Specificity of antibodies can be predicted by a sequence-based deep learning model
(A) A schematic overview of the deep learning model architecture.
(B) For evaluating model performance, S antibodies and HA antibodies were considered “positive” and “negative,” respectively. Model performance on the test set was compared when different input types were used. Of note, the test set has no overlap with the training set and the validation set, both of which were used to construct the deep learning model. True positive (TP) represents the number of S antibodies being correctly classified as S antibodies. False positive (FP) represents the number of HA antibodies being misclassified as S antibodies. True negative (TN) represents the number of HA antibodies being correctly classified as HA antibodies. False negative (FN) represents the number of S antibodies being misclassified as HA antibodies. See STAR Methods for the calculations of accuracy, precision, recall, ROC AUC, and PR AUC.
(C) The antigen specificity of 81 RBD antibodies from Reincke et al. (2022) were predicted by a deep learning model that was trained to distinguish between S antibodies and HA antibodies.

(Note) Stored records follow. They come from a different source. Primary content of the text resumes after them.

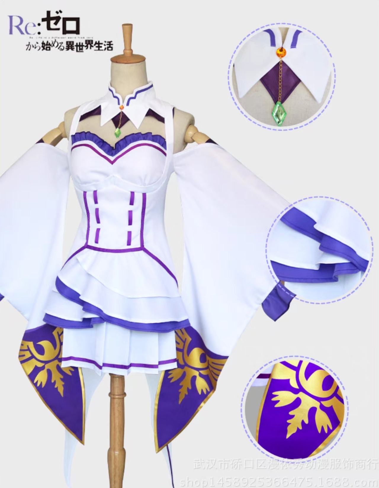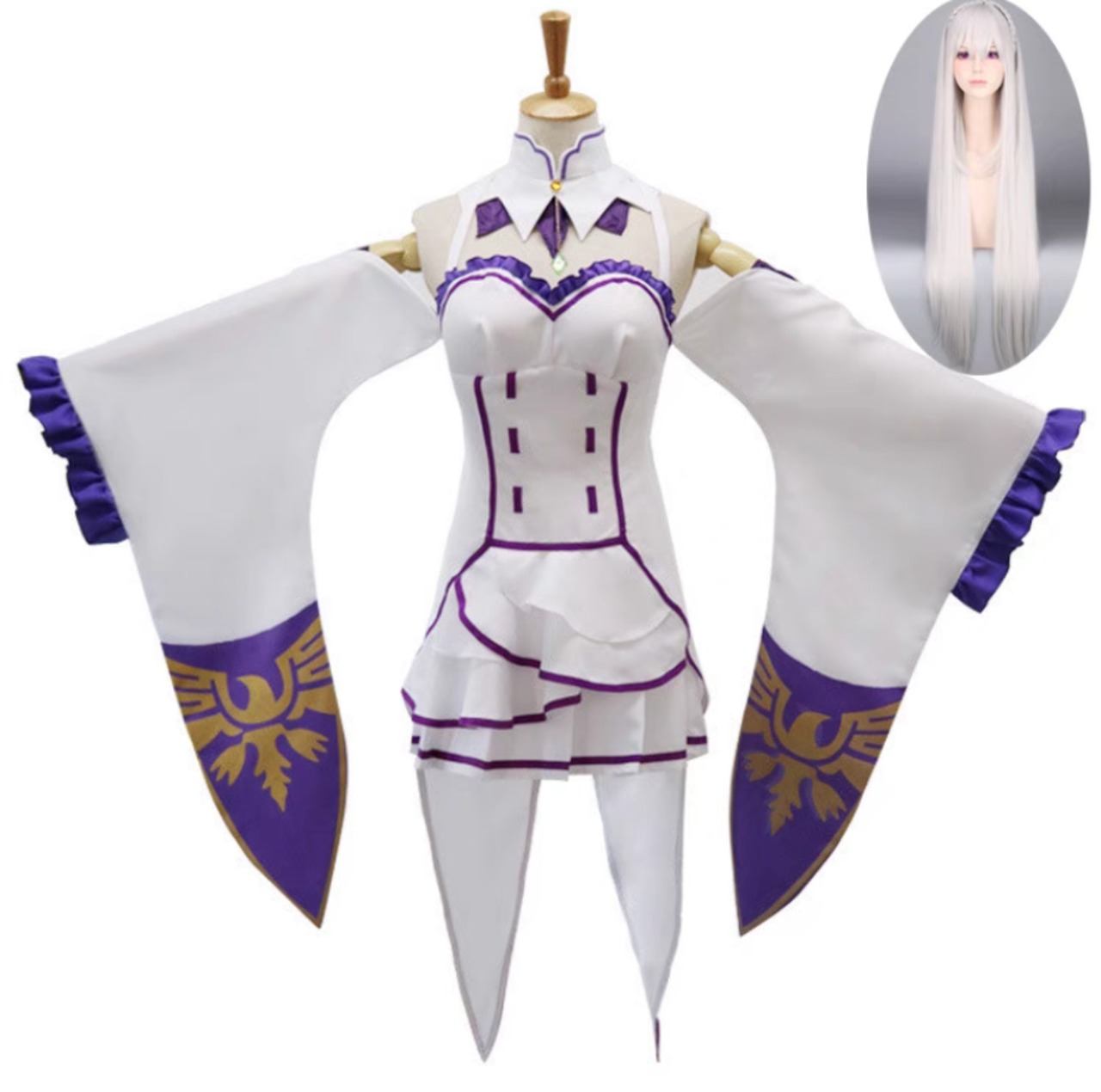 Re:ゼロから始める異世界生活 エミリア コスプレ衣装 アニメ衣装 フルセット ウィッグ付 760081603216
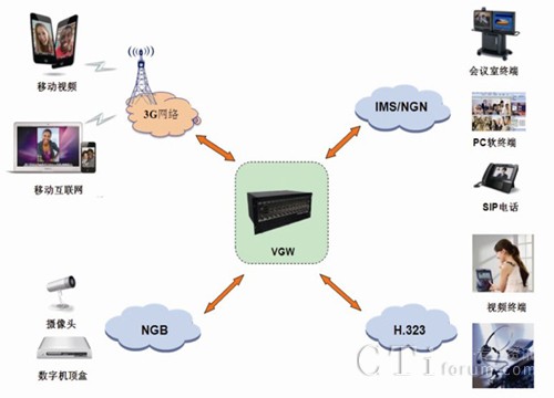 艾諾通信 NetFidelityTM系列視頻網(wǎng)關(guān)VGW應(yīng)用于3G、IMS、NGB等異構(gòu)網(wǎng)絡(luò)之間,提供信令互通和音視頻媒體轉(zhuǎn)換功能,實(shí)現(xiàn)移動終端、PC終端以及機(jī)頂盒“三屏”融合應(yīng)用。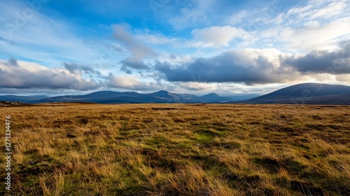 Wide Expansive Landscape of Rolling Hills and Cloudy Sky Underneath a Beautiful Horizon : Generative AI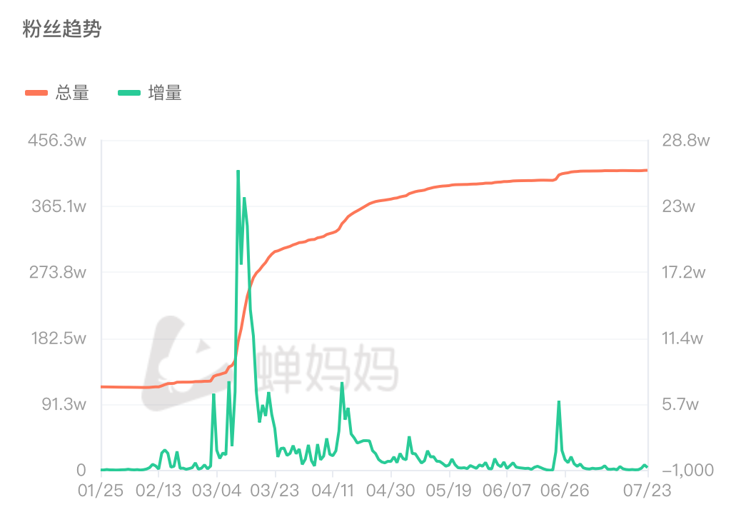 @大劳R 是抖音上一位 416 万粉丝的搞笑博主,今年开始抓准了“啃老”的流量密码——视频开头几乎都以一句“妈”开头,内容主要是跟妈妈的拌嘴日常。今年以来账号涨粉超 300 万,3 月单月增粉 190.8 万。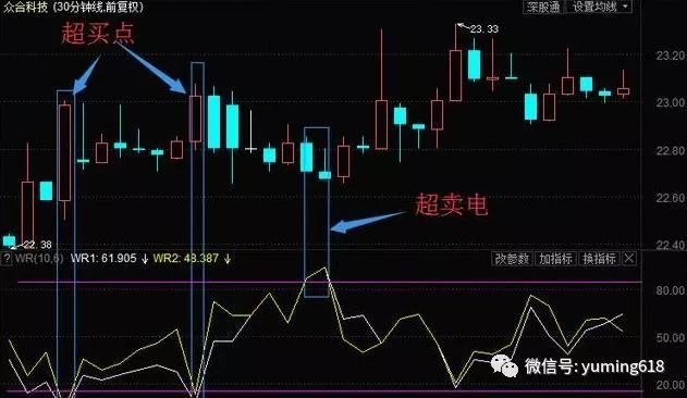 1、当W%R>85时,表明市场已经超卖,股价即将见底,是买入信号。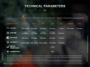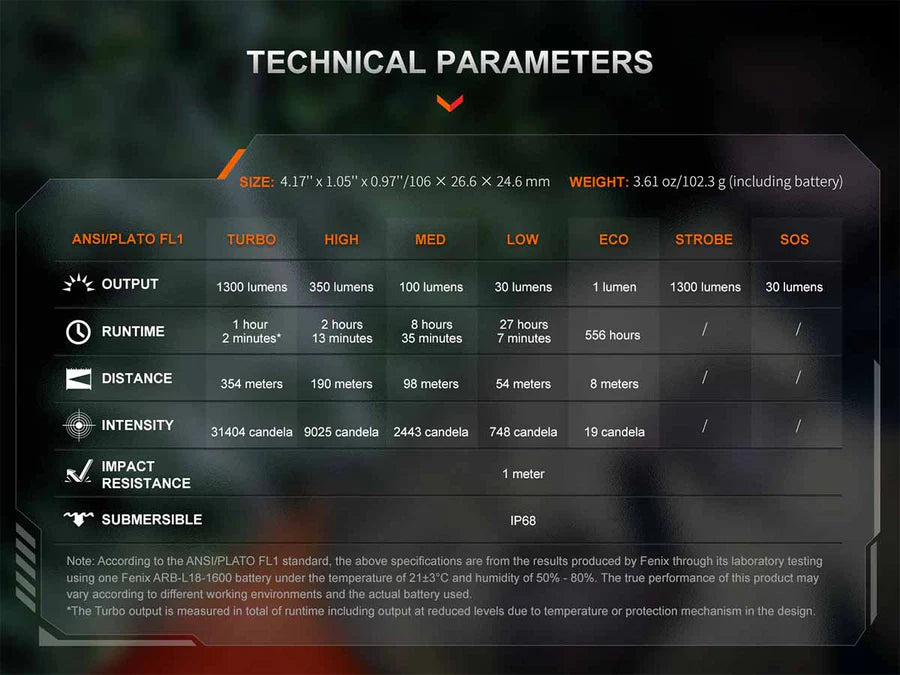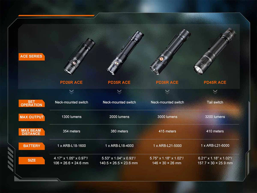The PD26R ACE is the most compact ACE flashlight yet! At just 4.17 inches long and 3.61 ounces, it slips easily into a pocket or bag, but packs major punch. With an impressive 1300 lumens that can reach 1161 feet (354 meters), this light proves big performance can come in small packages.

See also Figure S6 and Table S3. The dataset for constructing and testing the deep-learning model, related to Figure 6, Table S4. Performance of the deep learning model with different inputs, related to Figure 6, Table S5. Prediction result of 81 antibodies to SARS-CoV-2 RBD that were elicited by Beta variant infection, related to Figure 6, Table S6. Prediction result of 691 HIV antibodies from GenBank, related to Figure 6.